Я выйду постоять на берегу,
И если до того с ума не съеду,
То долго буду помнить поцелуй,
Как на губах вкус Пирровой победы.
Так тихо... Разве можно так молчать?
Всё будет так, как, видно, было прежде...
Но, если есть ещё нам, что скрывать -
То, значит, есть ещё надежда.
Я выйду постоять на берегу.
Из пластиковых и простых бутылок
Культурный слой слагая на бегу,
Из одноразовых стаканов, вилок,
Где люди отдыхают от чего?
От праздников в разгар гремящих будней,
Которые всегда с тобой? От своего
Безумья? Пьют всё лето беспробудно
Кровь комары и разный прочий гнус.
Здесь в воду плачет ива, опуская ветки.
Я тоже бы непрочь. Но, воздержусь.
И, закурив смешную сигаретку,
Покрепче затянусь. На этот раз -
Чтоб вспомнить Ваши зубы без изъяна.
И речка тоже вспоминает Вас,
Затягиваясь к вечеру туманом.
III
Я проживу осенние дожди.
А после - вечер, вечность, лето, годы...
И даже эту ночь. Не то что до тебя дойти
(А это - сложности совсем иной породы) -
Сойти с ума. Впервые - до конца.
Здесь объявить себе, что завершились игры.

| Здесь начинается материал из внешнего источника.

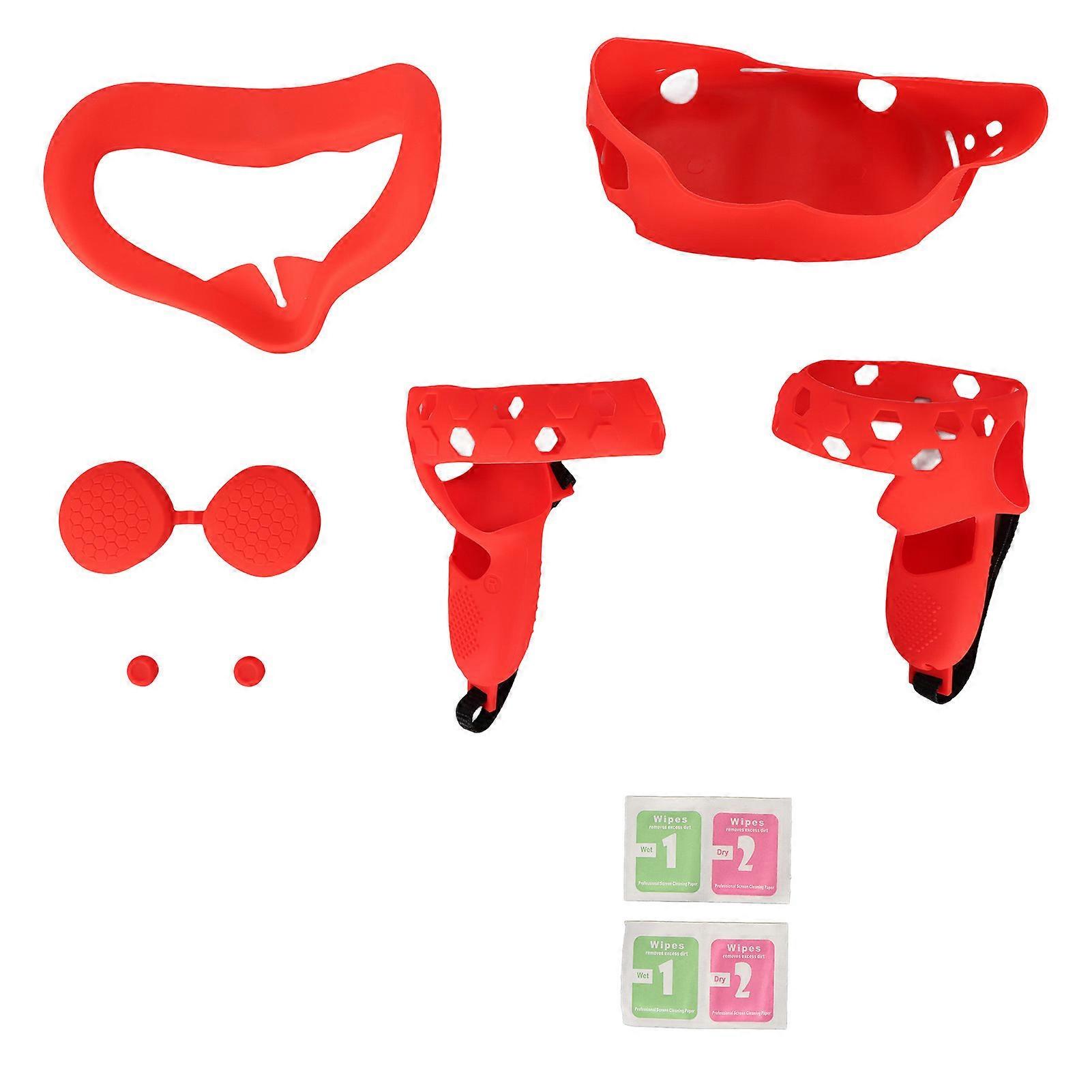 5 in 1 Silicone Cover Set for Quest 2 Includes Face Cover Controller Grip Cover VR Shell Cover Dust Cover Shakes Stick Caps Red
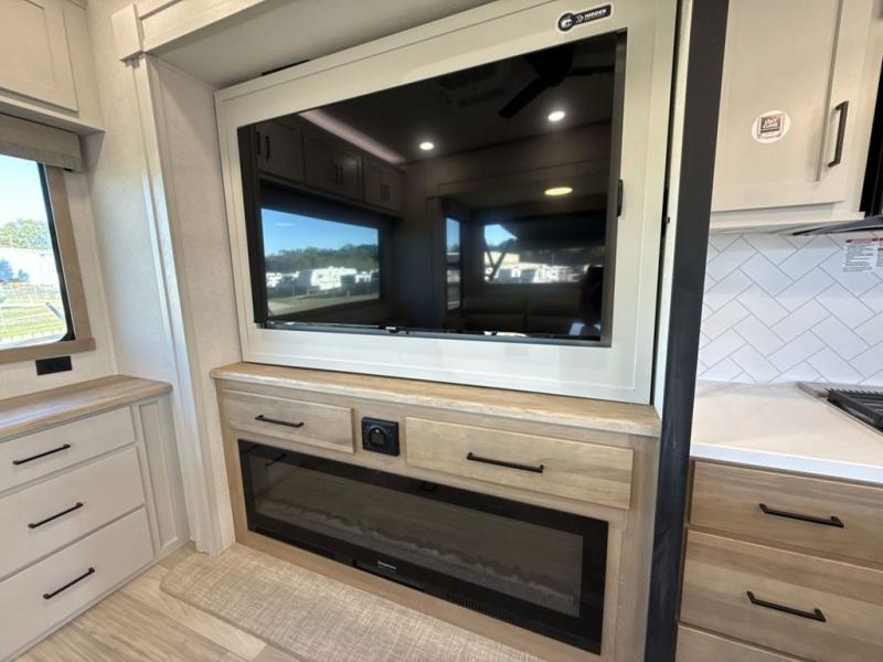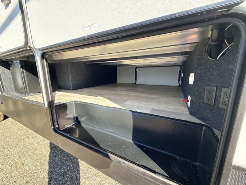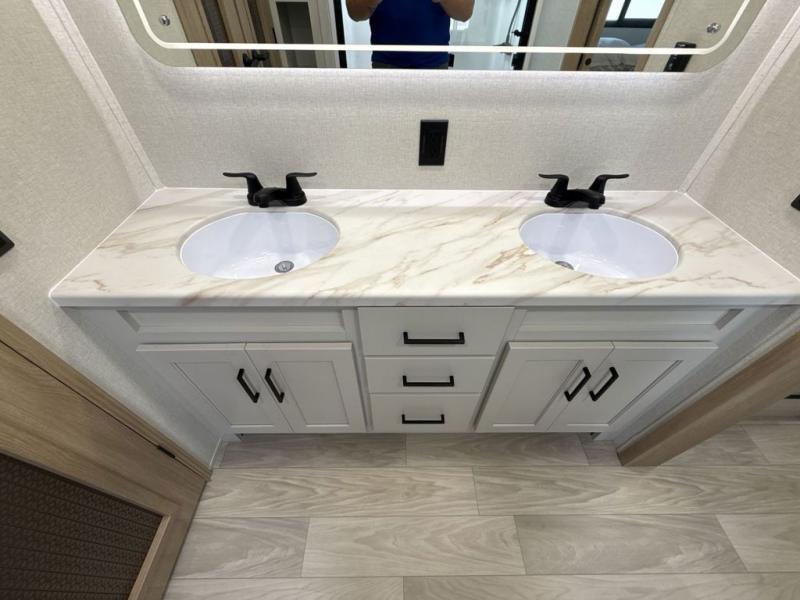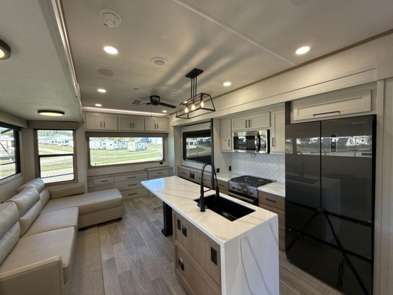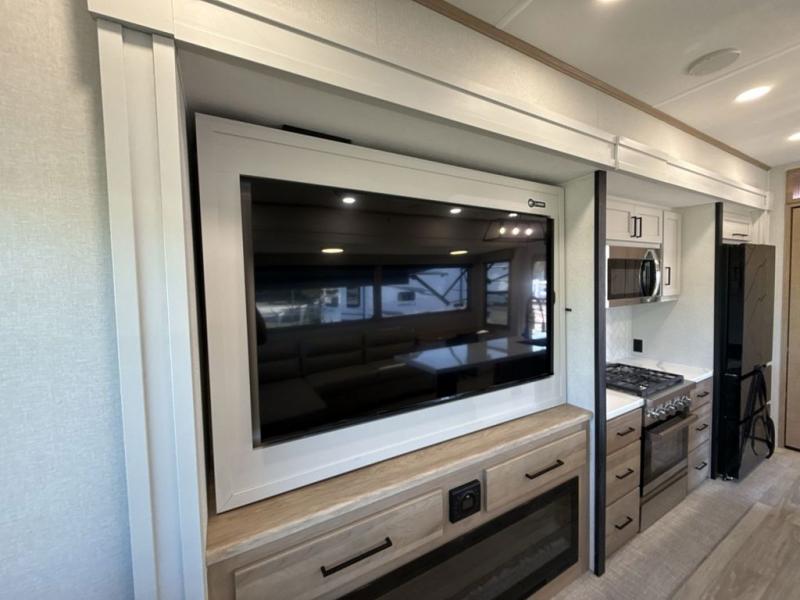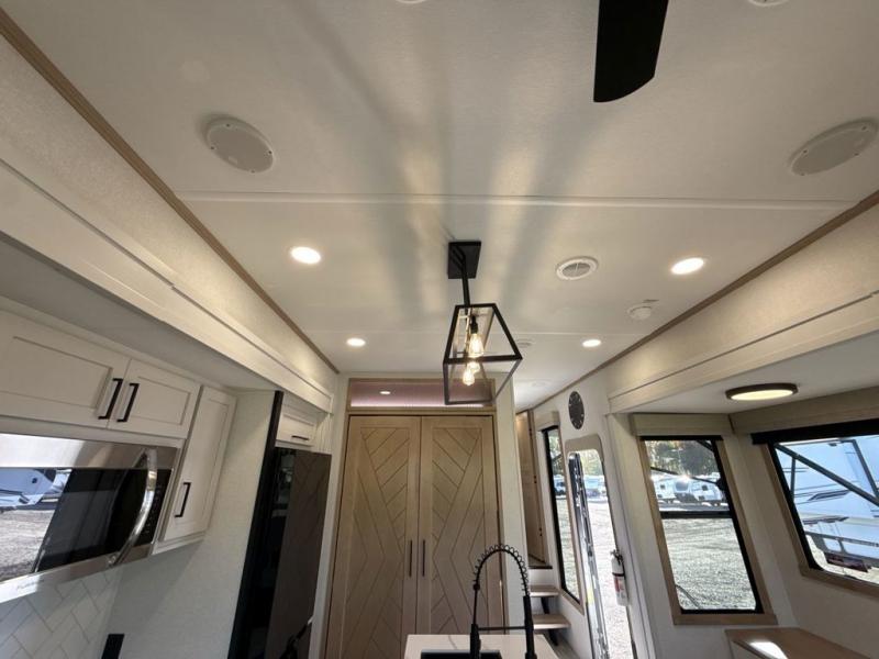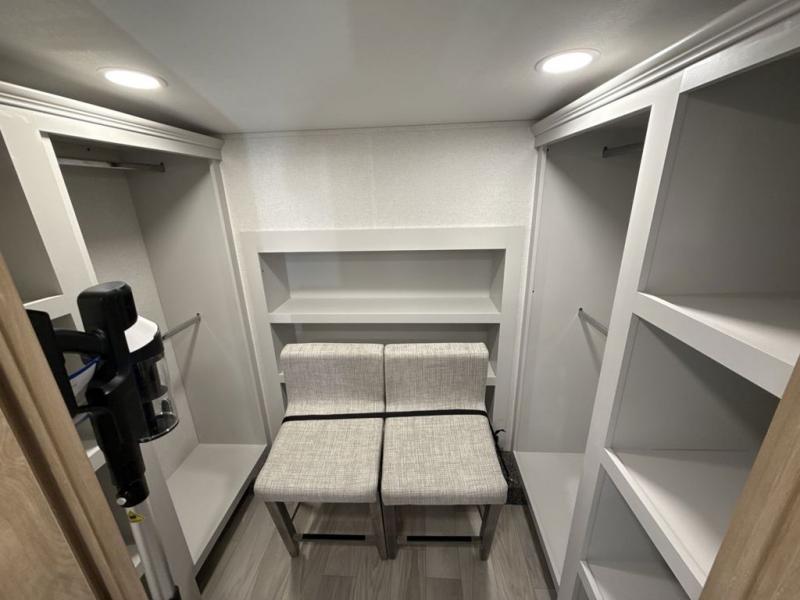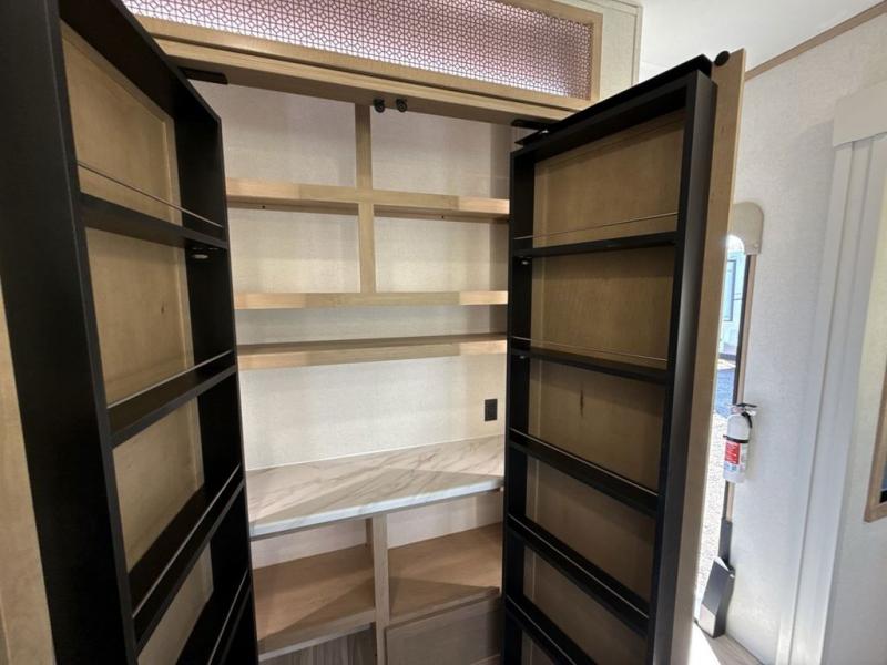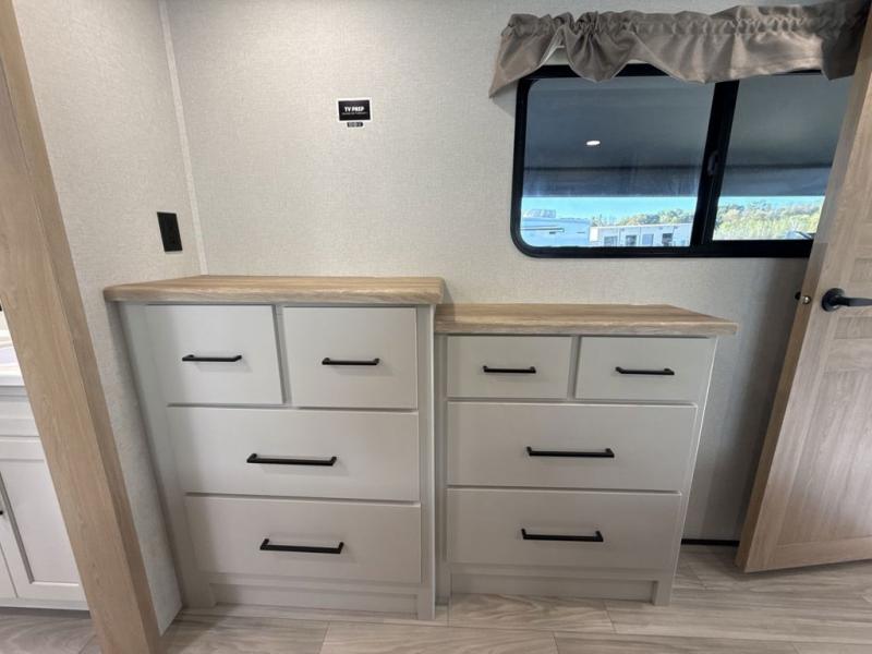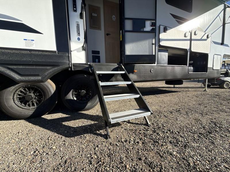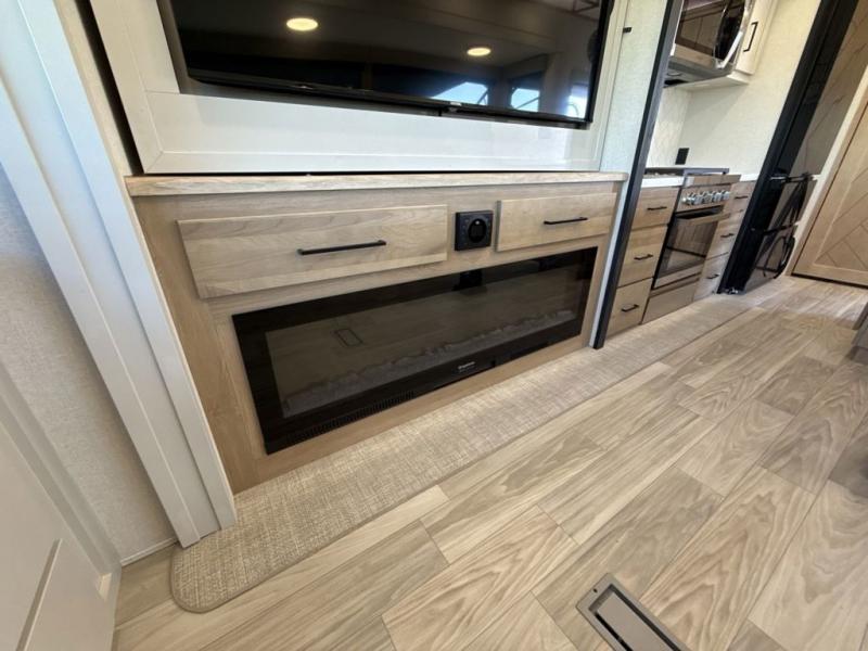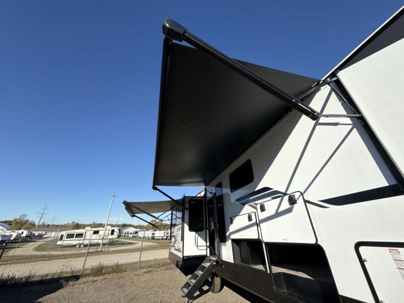 This fifth wheel is perfect for those seeking a comfortable, feature-rich home on wheels. Upon entering, you'll find a spacious rear living room, ideal for relaxation and entertainment. The room features a comfortable chase lounge, sofa, and an entertainment center with a cozy fireplace. For added convenience, there's a hidden pantry, desk with a chair, and a shelf and cabinet for storage. The kitchen is well-appointed with a stylish kitchen island featuring a beautiful waterfall edge. Overhead cabinets provide ample storage, while the microwave, 12V refrigerator, and four-burner cooktop make meal preparation a breeze. Plus, a butler pantry offers additional storage for kitchen essentials. A convenient half bath is located nearby, complete with a stackable washer and dryer prep if you want the option to add these appliances. The bedroom retreat features a comfortable king bed, a small dresser, and a tall dresser with a TV hookup. The adjacent walk-in bathroom closet boasts a one-piece fiberglass shower with a seat, dual sink, medicine cabinet, linen closet, and ample storage thanks to the various shelves, perfect for keeping your belongings organized. Exterior features include two awnings, one 12’ and the other 18’, providing ample shade and protection.

Отправить в рай последнего бойца,
Для верности - слепым: Пусть сразу пустят титры
В том месте, где он ляжет под огнём,
Подрезанный потоком бытовухи.
Никто не вспомнит более о нём.
Все будут сыты, а точнее, глухи.
Осыплется желтушная листва.
Растительная жизнь замысловата
Едва ли. И моя, пожалуй что, едва.
И дождь идёт, как вечная цитата
Из повести про жизнь в стране глухих.
Питаться полумёртвым комбикормом
Историй из бесчисленности книг,
Которая всё врёт, и от которой
Слегка тошнит. От дамских сигарет
Я беспощадно отрываю фильтры -
Уж если причинять здоровью вред,
То, чтобы, по возможности, нехитро.
Долорес Гейз вам ближе Лолы Палмер?
Не подойду из этих я ролей
Уже ни на одну: пропикал таймер -
Мне завтра тридцать лет и сорок дней.
А вы, кто Вы? Зеленоглазый дьявол,
Мучительно прекрасный лицедей?
Носитель генов головы кудрявой?
За что ищу я Вас среди людей?
Анфан террибль из миргородских сказок
Про чёрта с простоватою душой,
Который был, конечно же, наказан
И ведьмами отпет за упокой.
А, впрочем, не могу про Украину.
Ни Миргород, ни прочие места
Упоминать здесь - рiдна батькiвщина
Моих корней вкусила досыта.
Иду и задыхаюсь от бензина,
От этой подлой, подлой газовой войны.
Красивая. Сигналят мне мужчины,
Которые мне совершенно не нужны.
IV
Я стану точкой где-то вдалеке,
Статистом из толпы ненастоящих,
Ненужных никому полулюдей-
Полуничто. Пусть, сложенная в ящик,
Я быстро провоняюсь нафталином,
Как кукла с непридуманным лицом.
Подарят Вам другую - в длинном
Расшитом жемчугами платье. Сон
Сбудется любой. И, если захотите,
Он повторится ровно столько раз,
Звёзд сколько упадёт пока Вы спите.
А я во сне опять увижу Вас.
Сойти с ума. Впервые - до упора.
Расставшись с головой, рыдать по волосам.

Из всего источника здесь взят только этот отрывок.